What is needed is a faithful transcription of all the data below, pictures excluded.
*** INFORMATION PROVIDED
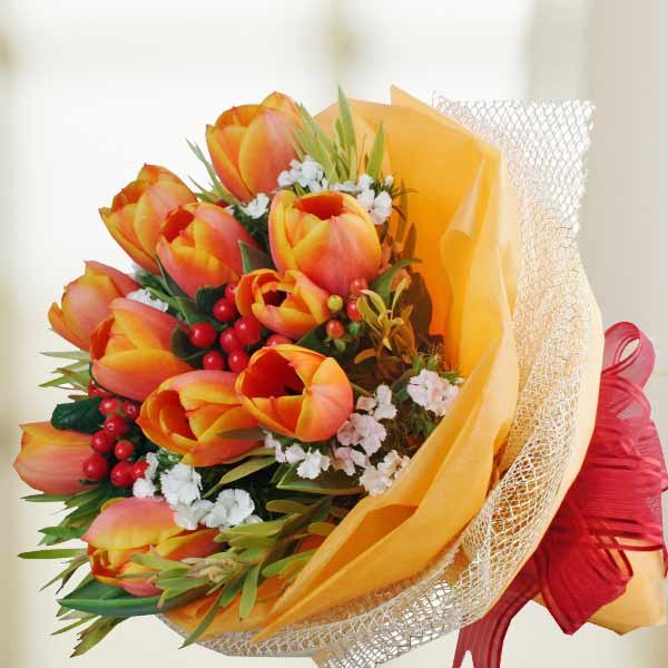 10 Tulips Hand Bouquet10 Orange Tulips Hand Bouquet
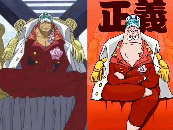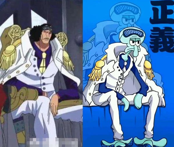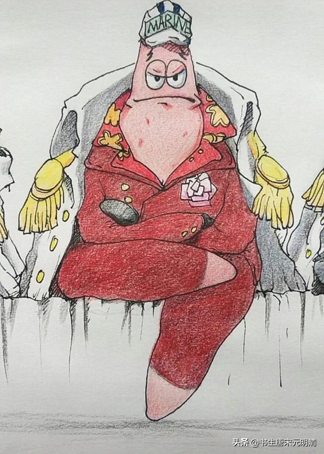 大将赤犬是岩浆果实能力者,战斗力超强,而且他个性残暴对待敌人毫不手软。上面这位派大星版的赤犬颜色倒是挺配,这小腿翘的倒是有模有样,但派大星这个人物大家都知道的,就是一个“二傻子”在“海绵宝宝”中经常做出一些奇怪的事情,这画风一改给人一种巨大的反差萌感觉。
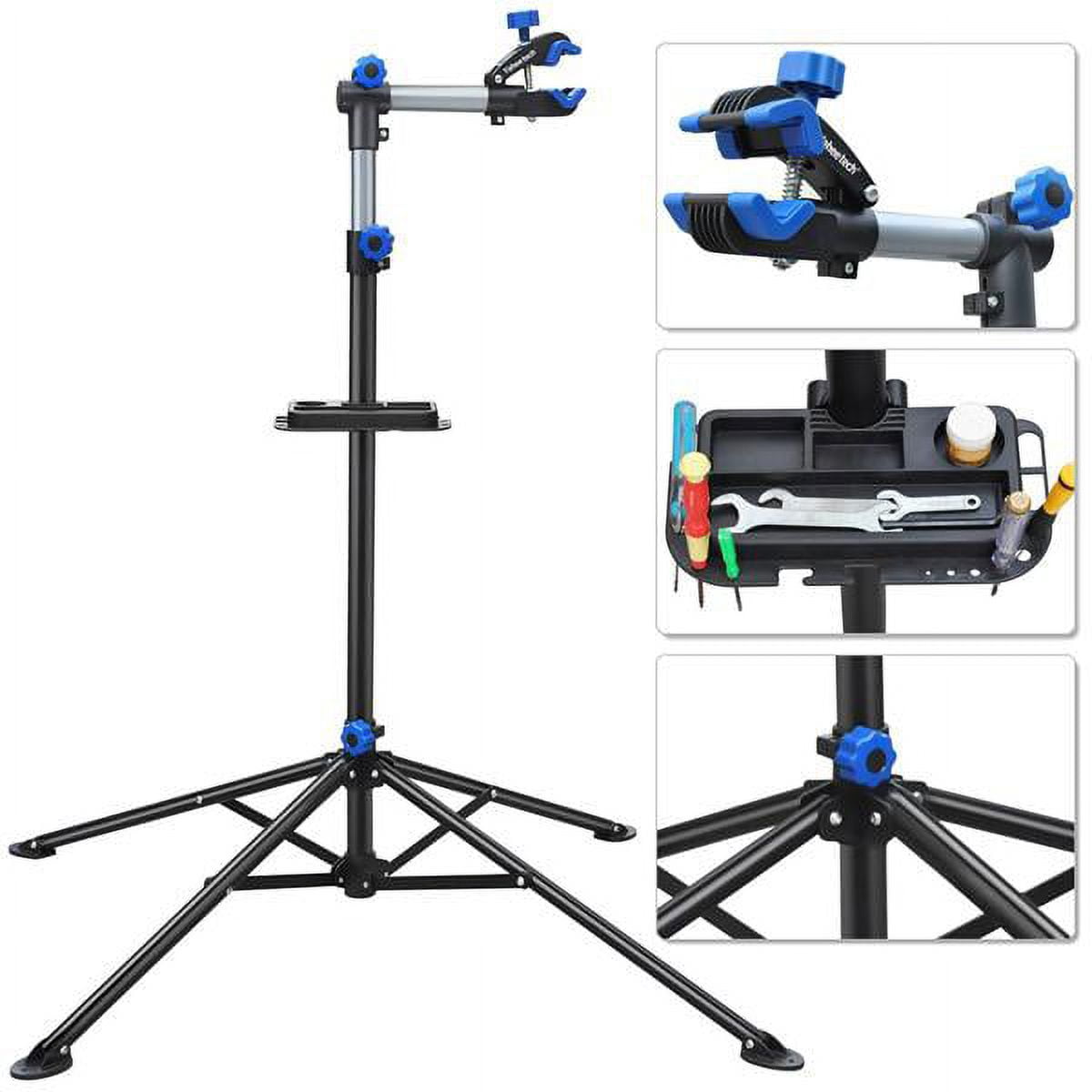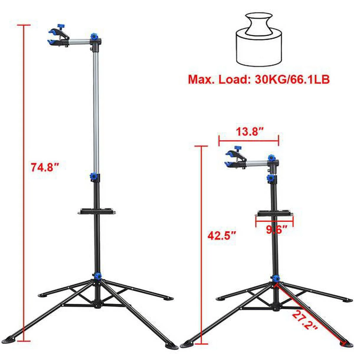 Alden Design Bicycle Bike Repair Stand Cycle Rack Adjustable 52 inch to 75 inch Portable Tool Tray Features: High-quality materials: Our Bicycle Repair Stand is made of sturdy and high-quality iron and PA. It is sturdy and stable. It can carry up to 66 pounds (30 kg), which is enough to support your bicycle; 360° swivel clip: 360-degree swivel clip of the Bike Repair Stand allows your bike to be held in any position, two pivots and height adjustments provide maximum flexibility. It has rubber material, so it will protect your bicycle’s paint very well. Easy to install: This Bicycle Maintenance Rack is easy to assemble, including all instructions and hardware. It is widely used, telescopic, folding, lightweight, easy to carry and transport, and small-space storage; Free tool tray: Equipped with brackets to keep your tools organized and suitable for various repairs or assemblies; Rugged frame: The heavy-duty structure and 4-legged base of the Bike Stand securely support and grab the bike, making it easier to repair and clean your bike. Telescopic rod: The telescopic rod keeps the handlebar and front wheel stable, reducing frustration;
******
ANSWER BOX
 10 Tulips Hand Bouquet10 Orange Tulips Hand Bouquet
 大将赤犬是岩浆果实能力者,战斗力超强,而且他个性残暴对待敌人毫不手软。上面这位派大星版的赤犬颜色倒是挺配,这小腿翘的倒是有模有样,但派大星这个人物大家都知道的,就是一个“二傻子”在“海绵宝宝”中经常做出一些奇怪的事情,这画风一改给人一种巨大的反差萌感觉。
 Alden Design Bicycle Bike Repair Stand Cycle Rack Adjustable 52 inch to 75 inch Portable Tool Tray Features: High-quality materials: Our Bicycle Repair Stand is made of sturdy and high-quality iron and PA. It is sturdy and stable. It can carry up to 66 pounds (30 kg), which is enough to support your bicycle; 360° swivel clip: 360-degree swivel clip of the Bike Repair Stand allows your bike to be held in any position, two pivots and height adjustments provide maximum flexibility. It has rubber material, so it will protect your bicycle’s paint very well. Easy to install: This Bicycle Maintenance Rack is easy to assemble, including all instructions and hardware. It is widely used, telescopic, folding, lightweight, easy to carry and transport, and small-space storage; Free tool tray: Equipped with brackets to keep your tools organized and suitable for various repairs or assemblies; Rugged frame: The heavy-duty structure and 4-legged base of the Bike Stand securely support and grab the bike, making it easier to repair and clean your bike. Telescopic rod: The telescopic rod keeps the handlebar and front wheel stable, reducing frustration;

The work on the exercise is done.